EXERCISE BRIEF:
Pictures should be left out while the data beneath this task is written out word for word.

[Stored data entries]
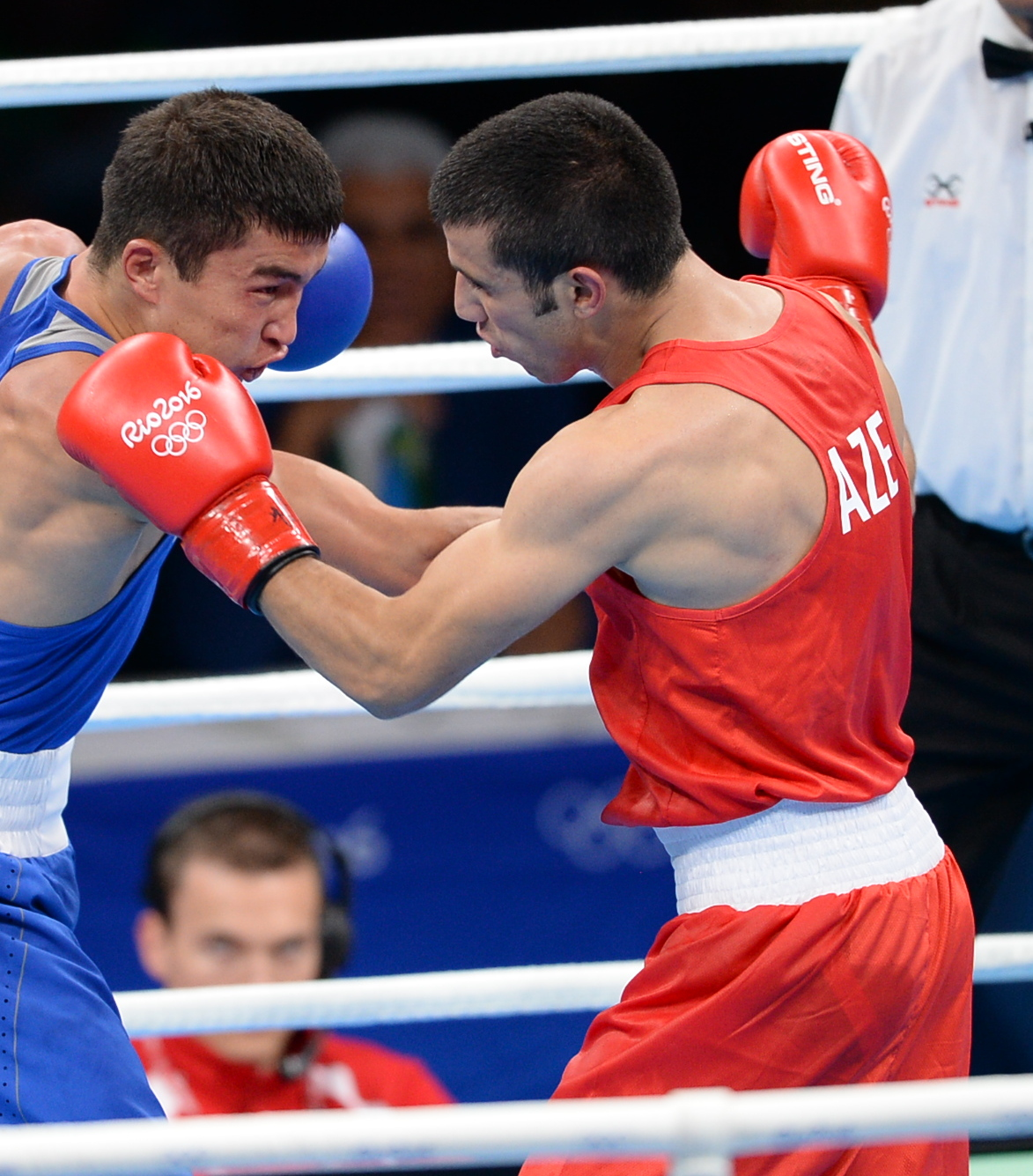 Boxing at the 2016 Summer Olympics, Chalabiyev vs Yeraliyev
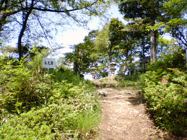 Mii castle ruins (Main enclosure ruins), Kakamigahara City, Gifu Pref, Japan三井城址（本丸）を撮影（岐阜県各務原市）
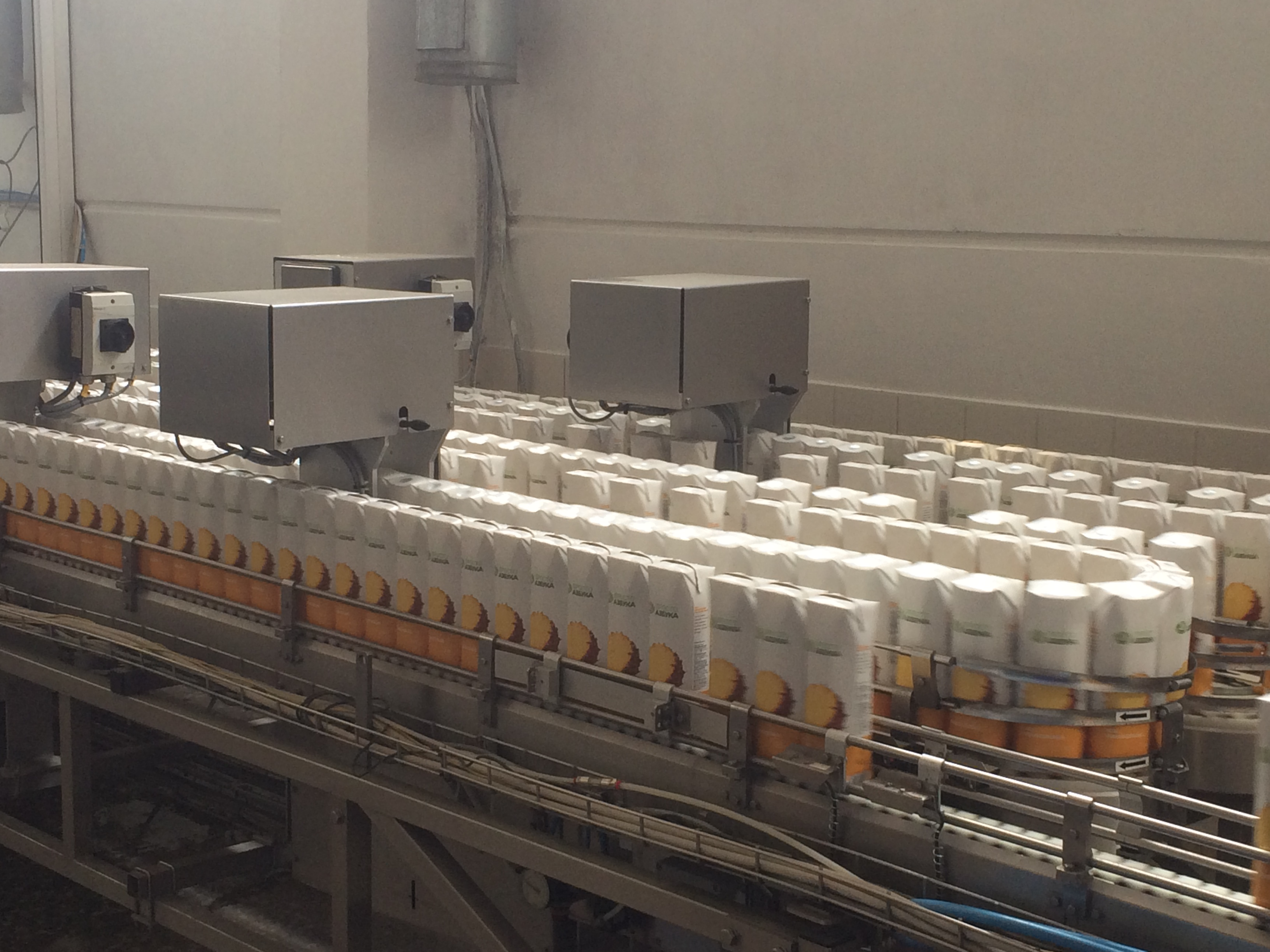 Natural Juice production at Noyan factory, Armenia.
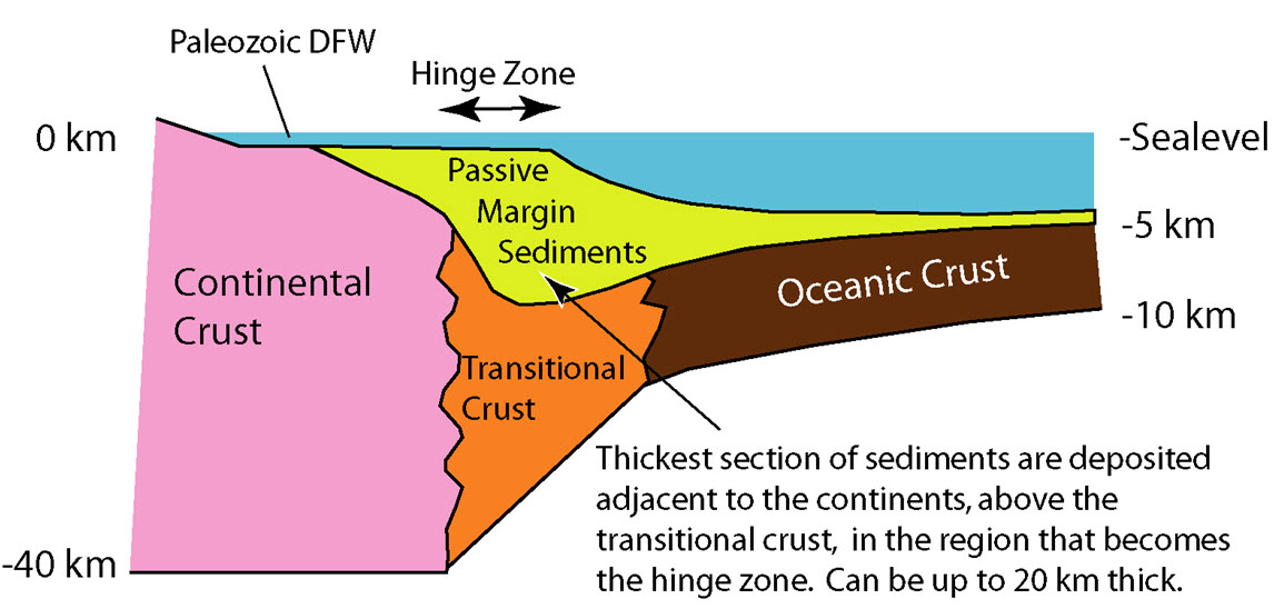 Passive Contiental Margin
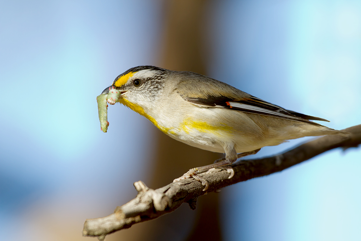 Strangways Vic. The meal continues apace!
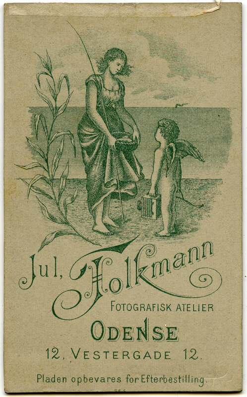 Advert for Julius Golkmann's photographic studio at Vestergade 12 in Odense, Denmark
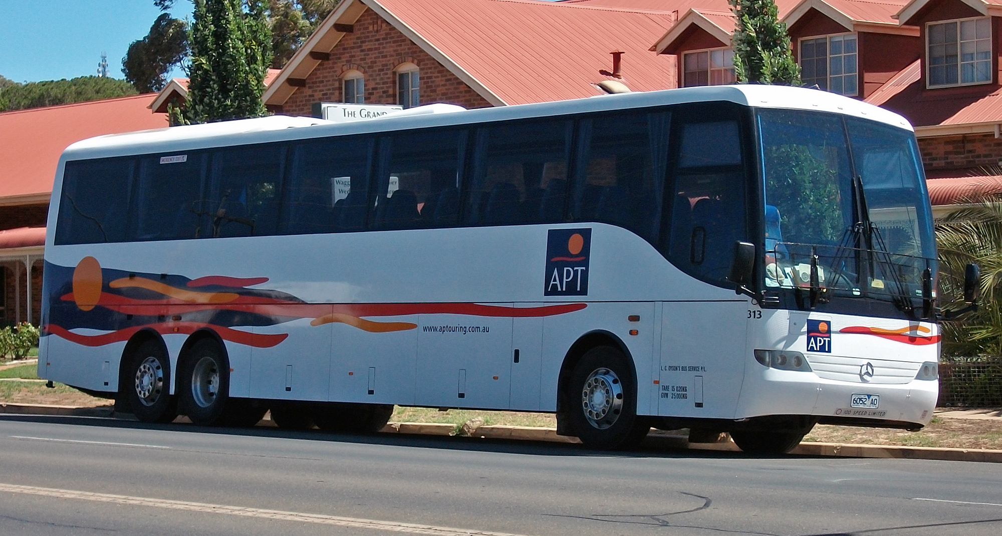 Coach Design bodied Mercedes Benz O500RF-3 13.5m owned by Dyson's Bus Service and operated in the APT livery.

RESPONSE FOR THIS EXERCISE:
 Boxing at the 2016 Summer Olympics, Chalabiyev vs Yeraliyev
 Mii castle ruins (Main enclosure ruins), Kakamigahara City, Gifu Pref, Japan三井城址（本丸）を撮影（岐阜県各務原市）
 Natural Juice production at Noyan factory, Armenia.
 Passive Contiental Margin
 Strangways Vic. The meal continues apace!
 Advert for Julius Golkmann's photographic studio at Vestergade 12 in Odense, Denmark
 Coach Design bodied Mercedes Benz O500RF-3 13.5m owned by Dyson's Bus Service and operated in the APT livery.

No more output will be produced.